Date: Wednesday 27 March 2024

Time: 09.00 – 12.00

Location: Room M20, DSV, Borgarfjordsgatan 12, Kista

Welcome to a predoc seminar on opening the “black box” of AI algorithms! Alejandro Kuratomi, PhD student at DSV, is the respondent.

On March 27, 2024, PhD student Alejandro Kuratomi will present his ongoing work on “Orange juice – Enhancing Machine Learning Interpretability”. The seminar takes place at the Department of Computer and Systems Sciences (DSV), Stockholm University.

Respondent: Alejandro Kuratomi, DSV
Opponent: Professor Toon Calders, University of Antwerp, Belgium
Main supervisor: Tony Lindgren, DSV
Supervisor: Panagiotis Papapetrou, DSV
Professor closest to the subject: Rahim Rahmani, DSV

Contact Alejandro Kuratomi

 


Abstract

In the current state of AI’s development, it is reasonable to think that AI will continue to expand and be increasingly utilized across different fields, highly impacting every aspect of humanity’s welfare and livelihood. However, not all future scenarios described by AI researchers and institutions are good, i.e., AI has both the potential to be extremely beneficial, and pose existential threats to humanity.

Even if such scenarios develop in the longer term, it is necessary to start focusing now on tools that allow humans to open the black-box of the AI algorithms, to increase their understandability and trustworthiness, and in that way try to avoid such conceivably harmful future scenarios. Additionally, the interpretability of the AI algorithms is even now a challenge to the AI development, as it is an obstacle equivalent to those previously seen which triggered past AI winters, such as hardware constraints or the over-expectation of results, in other words, research in interpretability and model understanding will help avoid a third AI winter, which, if triggered, could be devastating for the world economy.

This thesis aids in researching the field of AI interpretability, focusing mainly on the algorithms related to local explainability, which are the algorithms that attempt to extract useful explanations for the output of machine learning models on individual instances, specifically targeting areas of improvement in the counterfactual and local surrogate explanations.
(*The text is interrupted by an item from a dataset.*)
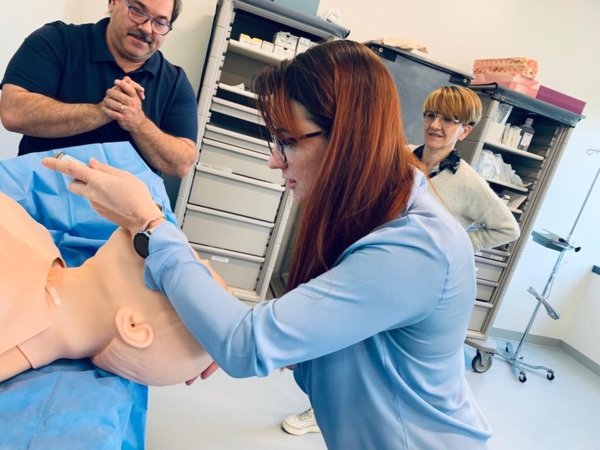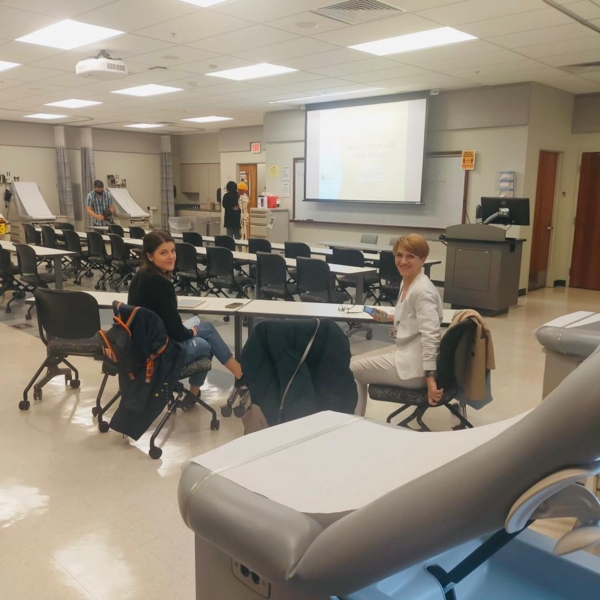 Kolejnym miejscem praktyki była School of Nursing, gdzie umożliwiono obserwację zajęć symulowanych na kierunku pielęgniarstwo. Dzięki współpracy z Panią Nancy Husson, stażystki miały możliwość zapoznać się z Debriefing for Meaningful Learning (DML).

Since, for some of the datasets, these instances are humans, opening the black-box of the machine learning models may also reveal the existence of biases or fairness issues among different groups of people.

This thesis then focuses also on the topic of machine learning fairness assessment through the use of local explainability methods, proposing two novel elements: one single accuracy-based and counterfactual-based bias detection measure and a counterfactual generation method for groups intended for bias detection and actionability-oriented fairness. Finally, the idea behind interpretability is to be able to eventually implement such methods into real-world applications. This thesis presents an application of the conformal prediction framework to a regression problem related to autonomous vehicle localization systems that both generates the predicted positioning error value of a vehicle and its confidence interval with some level of significance.